How it feels to lose a Mother.

Discussion in 'Real Life Stories' started by SwagCaleb, Mar 22, 2013.

  1. Hello Blades, I have come to open up about my life as of recent.

    On August 8th, 2012, my mother passed away from Cancer. It wasn't a specific Cancer because she has had it in numerous cases throughout her life, & it spread quickly after it was removed. I remember her coming home from work the night before & I was so happy to see her home for some reason, even though I saw her every day. I remember she made dinner that night & it was delicious. The aroma that rose from the oven still remains in the back of my mind to this day. I remember it was late & she had to get up for work early in the morning so after dinner I told her goodnight, & retired to my room for a smoke/gaming session & then went to bed like any other summer night. When I woke up the next morning, she had already left for work.

    That day was like any other day. Smoke, Skate, go home & eat, smoke some more, have friends over. I had 3 of my homies over & we was smoking when my grandparents called & told me my mom was at the hospital. Being stoned as hell I was rather confused & decided to shower. In the shower my mind raced into 27427236100 different possible directions. It seemed like it took forever just to get into the hospital, & once we got there, we had to wait in a room, which took even longer. Finally, the doctor came in & we took the news.

    The night that she was gone seemed like the longest night of my entire life. I got home & laid down in the dark, didn't sleep at all & laid there for a good while. I thought about what had happened & it still hadn't processed in my mind yet. I was still thinking that she was bound to open the door & ask why I was laying in the dark at 9pm. The funeral & everything leading up to it was horrible, but I felt a little better when a family member gave me a couple spliffs.

    I remember the couple days after smoking up all my bud & just thinking. Thinking that I'd walk downstairs & see her pouncing around in the living room with the dog or fixing a computer. Or see her cleaning resin & watching TV. but I would walk downstairs, & there would be a chilling stillness in the air. Almost bone chilling.
     
  2. I can still tell you the details of my father's hospital bedroom where he died in 1987. It never goes away man. My condolences. But you'll get through it, your mom would want you to live on and enjoy life.
     
  3. That brings tears to my eyes. It must be just about the worst feeling. Be strong and live your life in a way that would make her proud.
     
  4. Man, that's a tough thing to go through. Keep well dude.
     
  5. That brought tears to my eyes. Beautiful... Your beautiful mother will forever be in my thoughts
     
  6. I'm going through some rough shit right now so this made my night a whole lot less stressful, my mom is fighting cancer right now but literally after I sparked a bong she started to throw up. She just got out of the hospital from ammonia like a week or so ago and idk if its back or something new but it makes me worried. I lost my brother in 2010 without saying goodbye so every other day I'm on good terms with my mom and let her know that I love her. She's already given me the "if I'm gone..." speech and I'll always have the memories my family gave me. But right now she's still alive, so I'm happy for that. It's just eerie to go through life when death's always around the corner and to see all the terrible things that happen (hair falling out from chemo and etc). I just hope she feels better, it may be something small or because she hasn't been used to eating much but if its really bad she can go to the hospital tonight or tomorrow morning.

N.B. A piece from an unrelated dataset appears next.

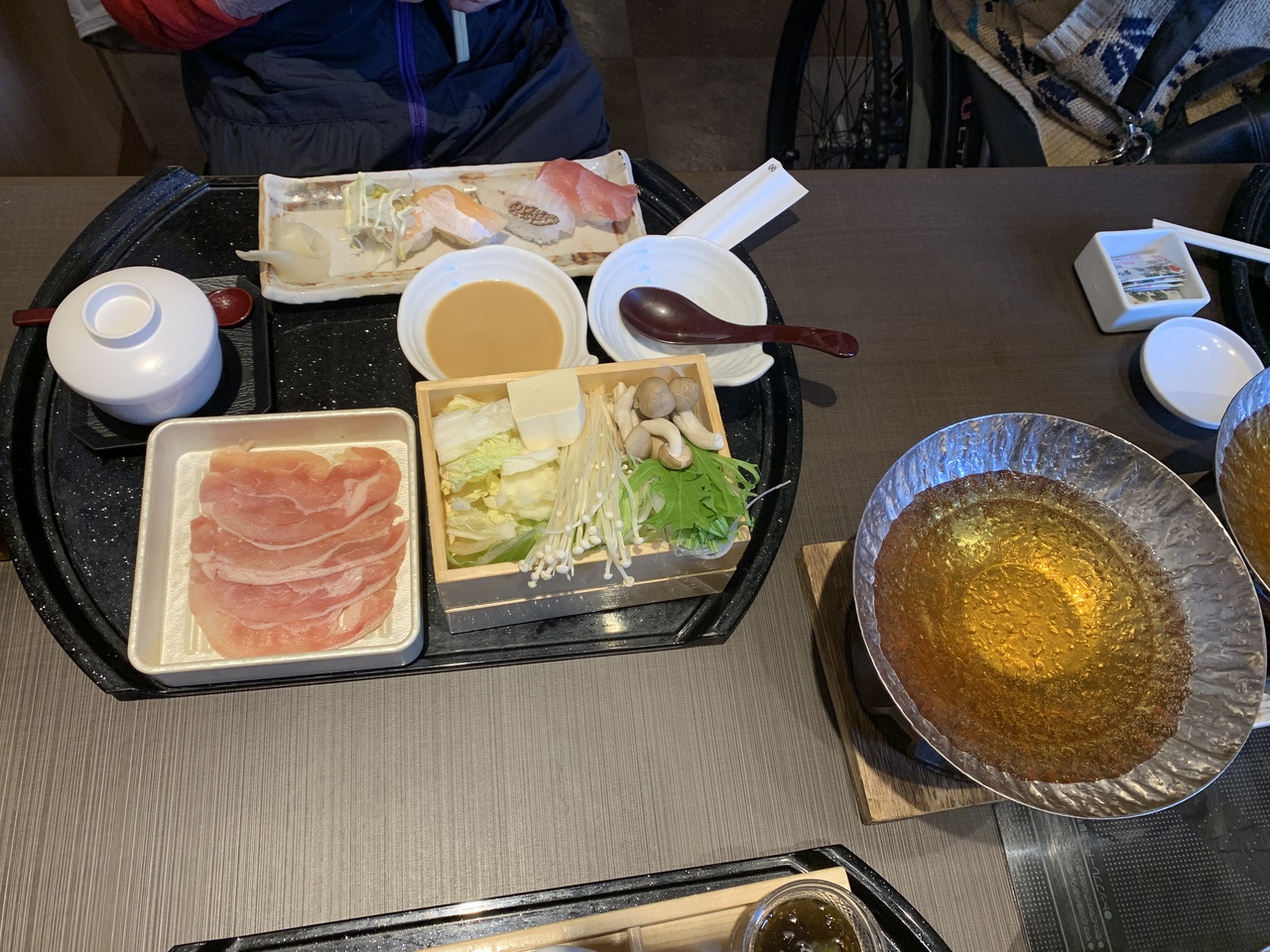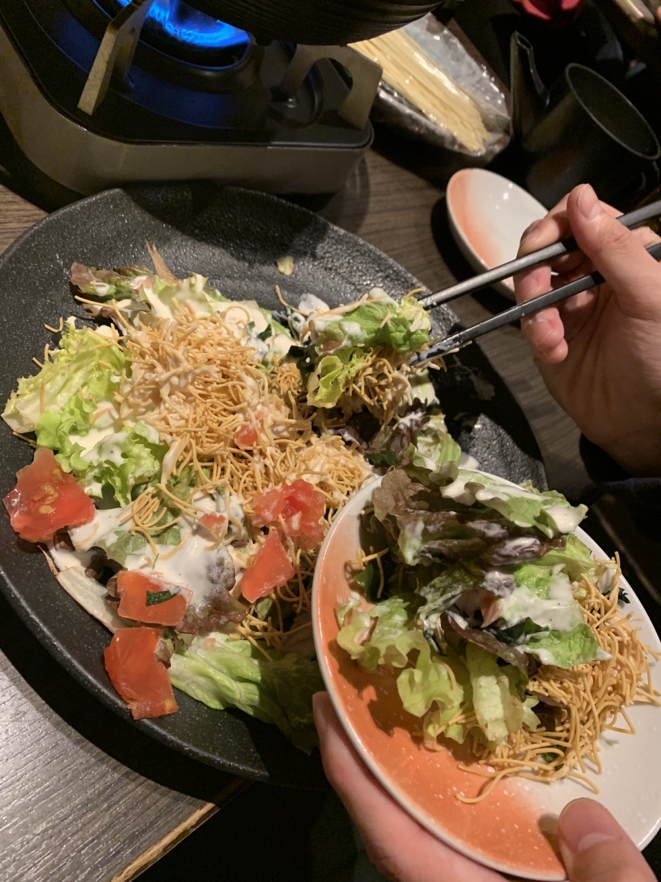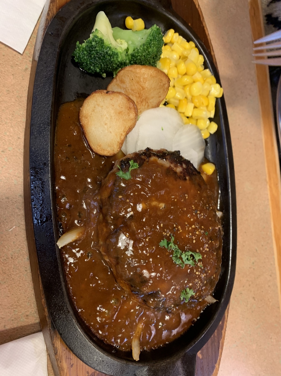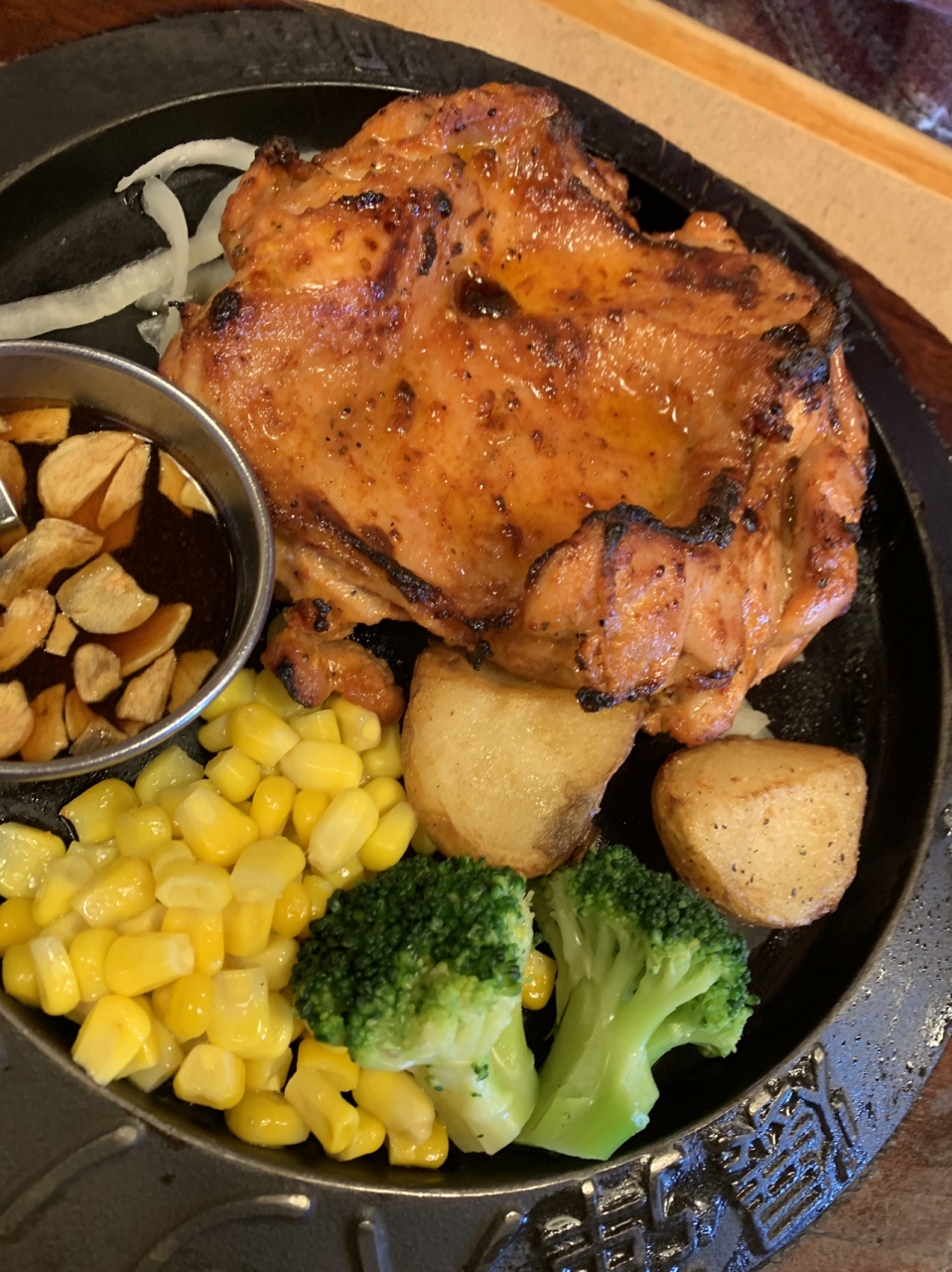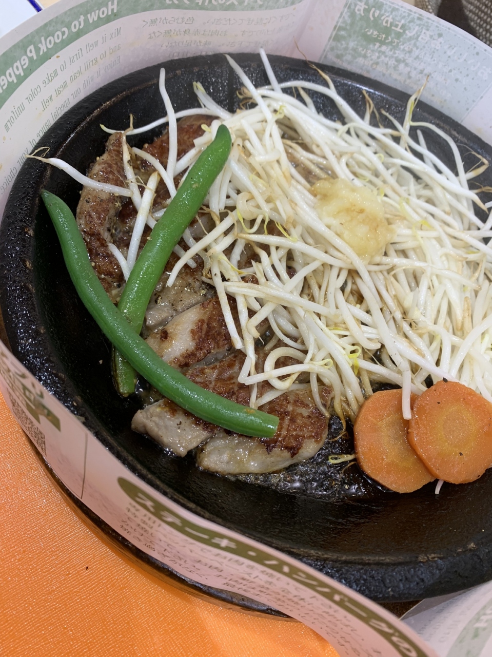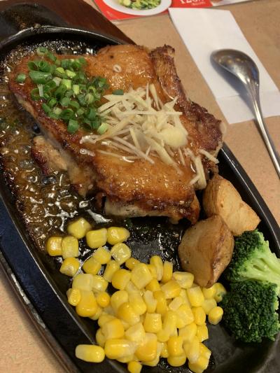 サーロインステーキを頼みましたが、小さいのでお箸で食べられます。鉄板熱々で自分で焼いて食べる感じです。もやしが沢山入っていて受け取りのところにニンニクが置いてあるので追加して食べました。美味しかったです。

    You got to enjoy the time you did with her and she made you who you are today. Moments over minutes, but I feel your pain OP I hope you live a happy full filling life. Over time your feelings won't change, I still feel my brother everywhere I go and I'm not huge into religion. The thing that did change for me since 2010 is instead of wanting a chance to say goodbye, I'd just say how thankful I am to have had them in my life and that I'll love them forever. Sorry about venting on the thread a little bit but I wish you the best buddy, there's people out there that feel ya.
     
  7. I know where your coming from man. That first night is so hard to process what just happened. My dad got sick and he couldn't call us up if he needed help so he'd blow a whistle if he needed us. The week after he died I kept hearing the whistle in my head.
    My condolences OP
     
  8. I offer my condolences. I can only imagine. I am sorry.
     
  9. Ah :( sad

    My moms a cop so I could lose her any day. She's been shot a few times
     
  10. Yeah dude that shit sucks. My brother and I found my dad dead on my bedroom floor when I was 8. We laughed at him because we thought he was sleeping on the floor. It's pretty fucked up. The last words I said to him were "goodnight dad, I love you." I was laying on the floor in the living room eating a mr. goodbar. I'll never forget that shit.